Take from the entries below the stretch from the line with "2025新款男士拖鞋外贸批发夏季软底时尚皮面交叉露趾大码休闲凉鞋" through the line with "Il a pour vous", and return it exactly, leaving the pictures out.

• Data for the task
-*-
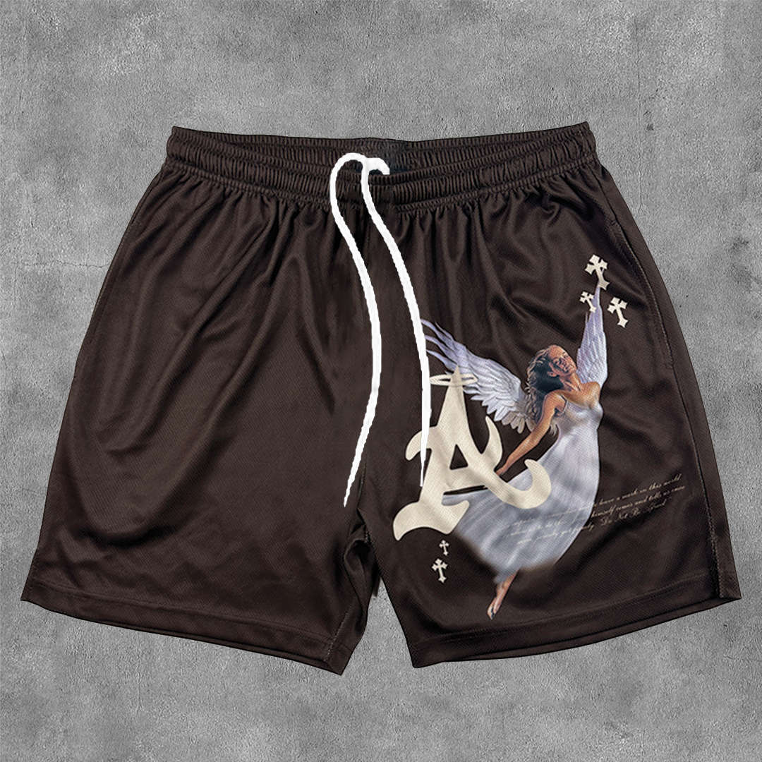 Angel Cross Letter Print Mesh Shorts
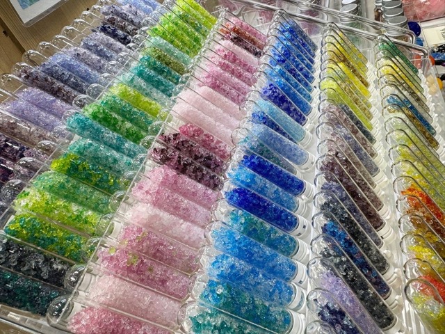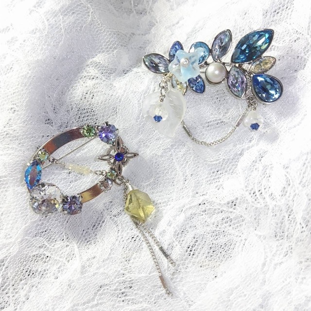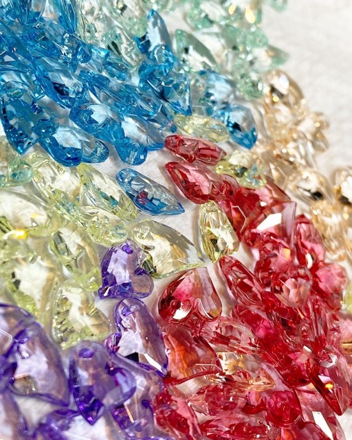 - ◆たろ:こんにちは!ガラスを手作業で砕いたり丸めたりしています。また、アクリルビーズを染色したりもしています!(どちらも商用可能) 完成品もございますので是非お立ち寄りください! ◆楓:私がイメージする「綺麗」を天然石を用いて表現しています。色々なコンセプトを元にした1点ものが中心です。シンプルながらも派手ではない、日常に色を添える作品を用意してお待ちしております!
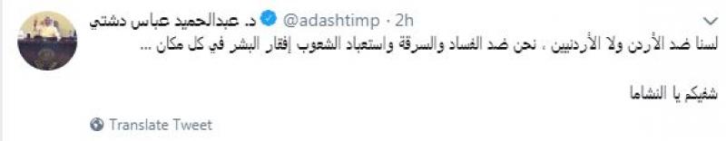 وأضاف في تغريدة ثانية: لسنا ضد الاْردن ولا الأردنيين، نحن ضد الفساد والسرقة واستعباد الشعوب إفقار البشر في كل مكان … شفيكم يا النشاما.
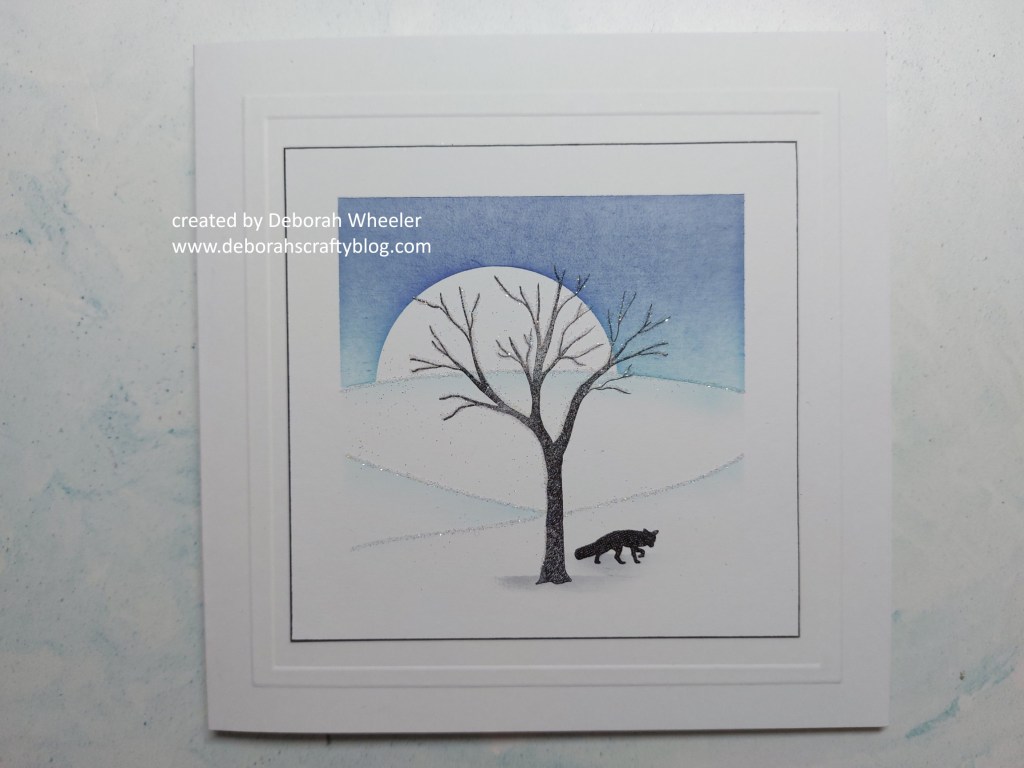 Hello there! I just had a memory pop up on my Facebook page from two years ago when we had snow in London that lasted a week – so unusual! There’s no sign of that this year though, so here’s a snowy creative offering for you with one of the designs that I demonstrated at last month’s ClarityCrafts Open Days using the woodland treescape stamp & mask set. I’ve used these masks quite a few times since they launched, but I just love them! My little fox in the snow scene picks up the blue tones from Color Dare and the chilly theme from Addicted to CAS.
-*-
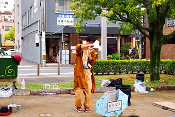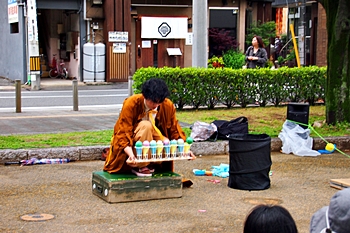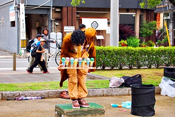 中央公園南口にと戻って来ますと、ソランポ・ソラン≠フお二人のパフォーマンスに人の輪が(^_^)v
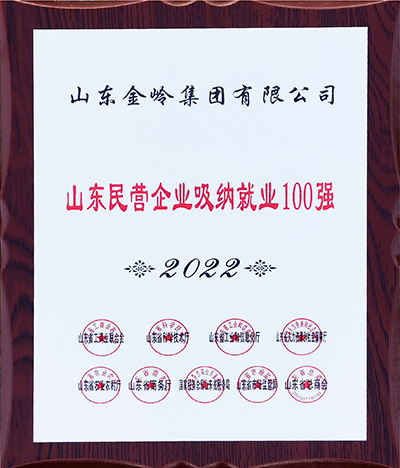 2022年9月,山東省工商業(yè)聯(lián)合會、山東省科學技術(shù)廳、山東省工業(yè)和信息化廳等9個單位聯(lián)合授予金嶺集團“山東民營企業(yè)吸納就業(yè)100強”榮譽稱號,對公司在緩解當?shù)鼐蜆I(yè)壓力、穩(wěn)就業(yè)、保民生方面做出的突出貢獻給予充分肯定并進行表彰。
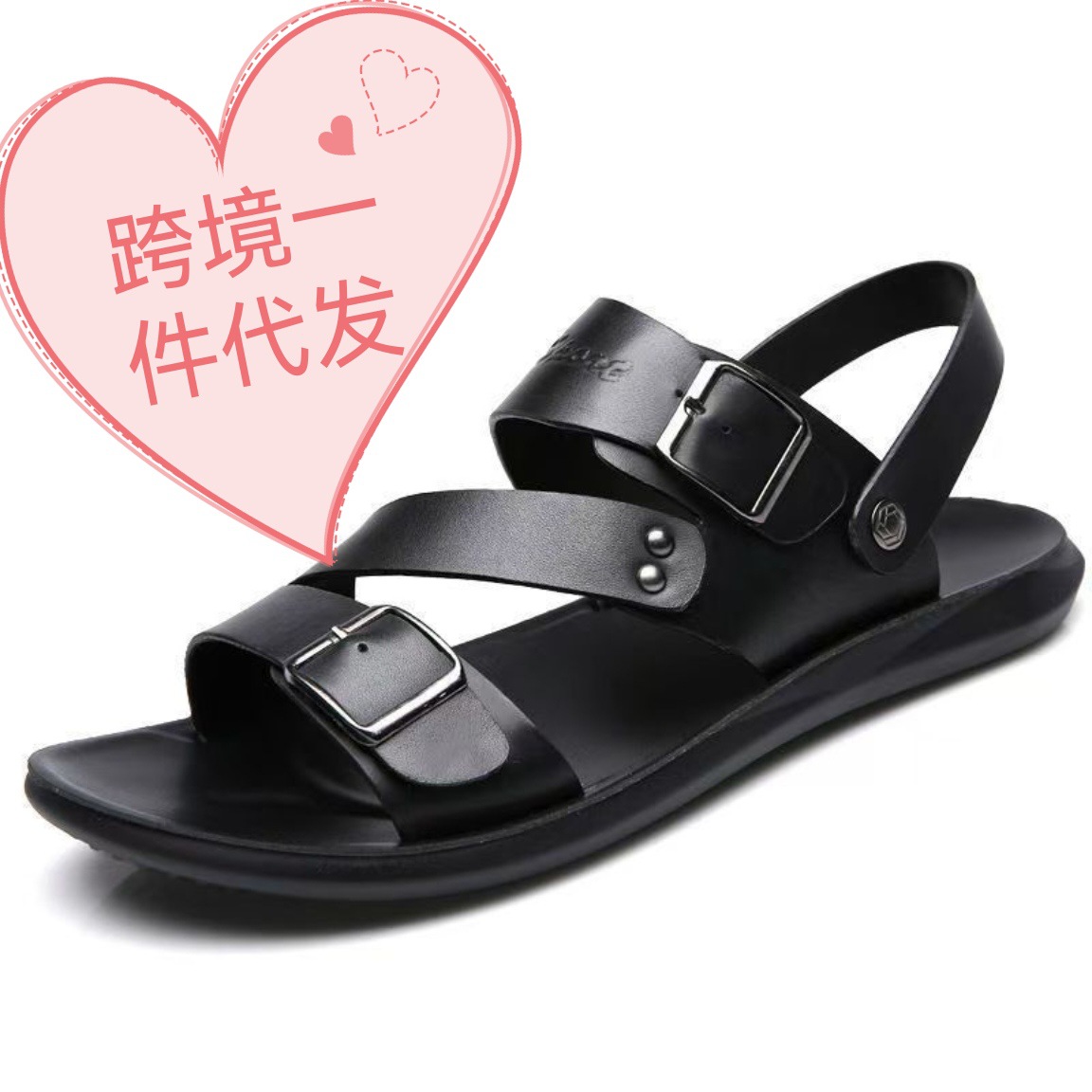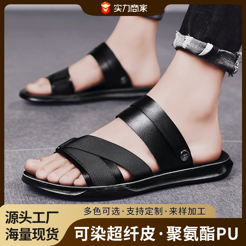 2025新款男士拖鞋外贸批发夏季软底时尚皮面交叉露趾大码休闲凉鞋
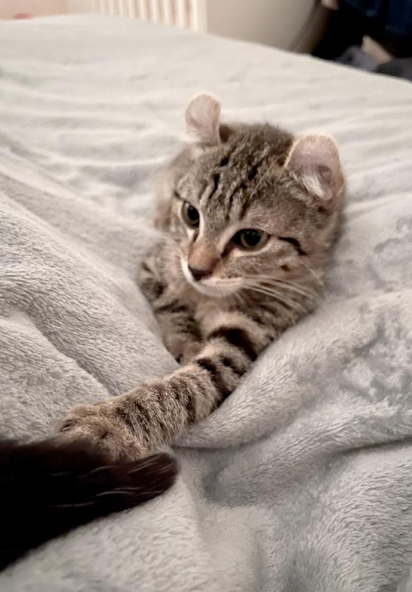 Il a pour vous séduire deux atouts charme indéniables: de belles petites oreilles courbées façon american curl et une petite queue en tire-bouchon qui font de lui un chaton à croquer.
-*-
• Finished exercise
 2025新款男士拖鞋外贸批发夏季软底时尚皮面交叉露趾大码休闲凉鞋
 Il a pour vous séduire deux atouts charme indéniables: de belles petites oreilles courbées façon american curl et une petite queue en tire-bouchon qui font de lui un chaton à croquer.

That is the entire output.